Friday, October 2, 2009
As somebody who naturally loves to organize, this session was close to my heart. Oddly enough, I didn't really do a whole lot of organizing for my Masters research (I guess it was 'simple' enough that I didn't need to), but I'm really excited to use some of this advice as I start my PhD. One of the first things I'm going to (finally) do after thinking about it a lot is setting up an SVN server on my own webserver.
Why Organization Matters
You will do a lot of stuff in 5-7 years, and you'll forget a lot of it. Why waste time recreating work you've already done by being disorganized? (Your advisor doesn't teach you this kind of thing!)
The panelists share the following mistakes they have made:
- Not commenting code.
- Not taking notes during meetings.
- Keeping track of papers (also known as messy piles on your desk).

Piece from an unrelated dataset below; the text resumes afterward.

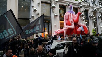 The incident happened on Thursday in a final show of anger before a crucial decision on whether the measure meets constitutional standards. Protesters were also seen holding banners that read: "Macron (French President), take the money of Bernard (world's biggest luxury goods company LVMH's French CEO Bernard Arnault), it will be alright."
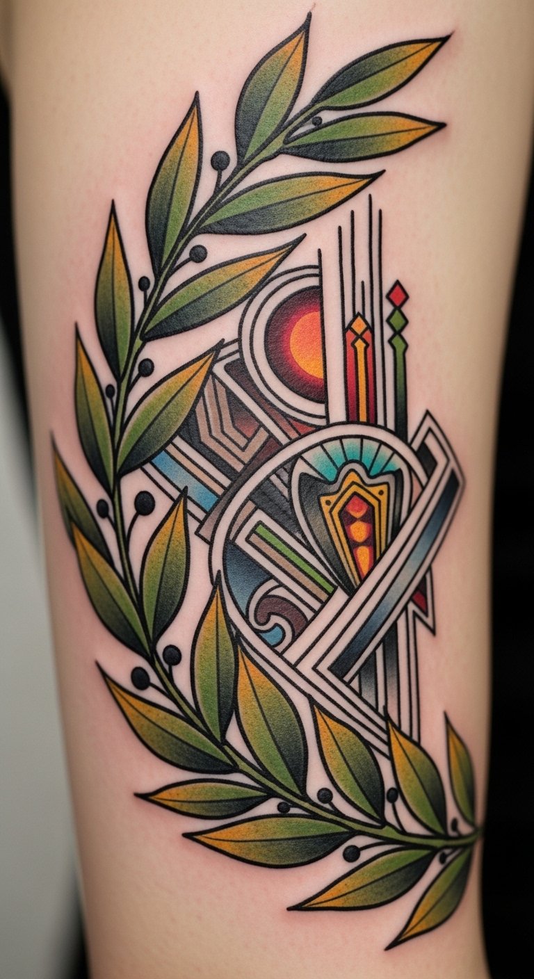 The symbolism blends classical honor (laurel) with contemporary order (geometry), evoking balance between tradition and personal evolution; emotionally it reads as confident yet introspective.

- Not using source control systems.
- Not writing down research ideas.
- Do I work alone or with collaborators?
- Do I work on multiple machines that require synchronization?
- Do I have limited amounts of storage?
- Do I need to keep paper records or record data off my computer?
- Is my work backed up?
Index cards, loose leaf paper, or notebooks are good for temporary notes and drawings, but are easy to lose, not portable, and not searchable. A research blog might be a good place to process ideas and search them later, as well as allow group members to follow your work and make comments, but makes it difficult to organize ideas. You can keep weekly notes in Google Docs, using coloured highlighting to track what is done and what is not; however, this often produces very large documents. A Google Site takes this a step further, allowing multiple pages that can be used to track progress, share with group members, and so on.
Audience suggestions: Webspiration: Online Visual Thinking. For math notes, some use TeX and SVN. Delicious is used to remember websites visited and Diigo is a web highlighter and sticky note tool. MS OneNote is also popular.
Keeping Papers Organized
Keep track of author, title, etc, but also notes about key points and criticisms. Even if you've only skimmed a paper, make a note of it. When choosing tools look for the ability to make citations and bibliographies for papers, take notes, and link to the paper (PDF).
I've blogged before about the tools available on Windows, and another mentioned here is Pybliographer. I also hadn't included EndNote in my list since it's not free.
Pro tip from audience: As soon as you read a paper, get the FULL citation information. It's amazing how hard it can be to find later when you only note the title. Always put every document you've read in your organizing software.
Keeping Experiments Organized
At stake: sanity, time, and reputation. When you were wrong about "never using that code again," you will waste a lot of time if you didn't bother keeping everything organized.
Organized your file system by project and experiment. Make your code modular by separating code for preprocessing data, running the method, summarizing results, and creating figures/tables. When something goes wrong, make it so you can re-run only the part that went bad. Make your experiments reproducible (store random seeds, input parameters, and know what versions of libraries (etc) are used.
- Use good programming practices.
- Handle errors.
- Code unit tests.
- Use an IDE which integrates with debuggers and revision control.
- Use a good LaTeX editor.
- Use revision control and/or track changes (especially with multiple authors!).
- Keep track of what version of a paper has been submitted where.
- Start early, and remember that writing can help organize your thoughts.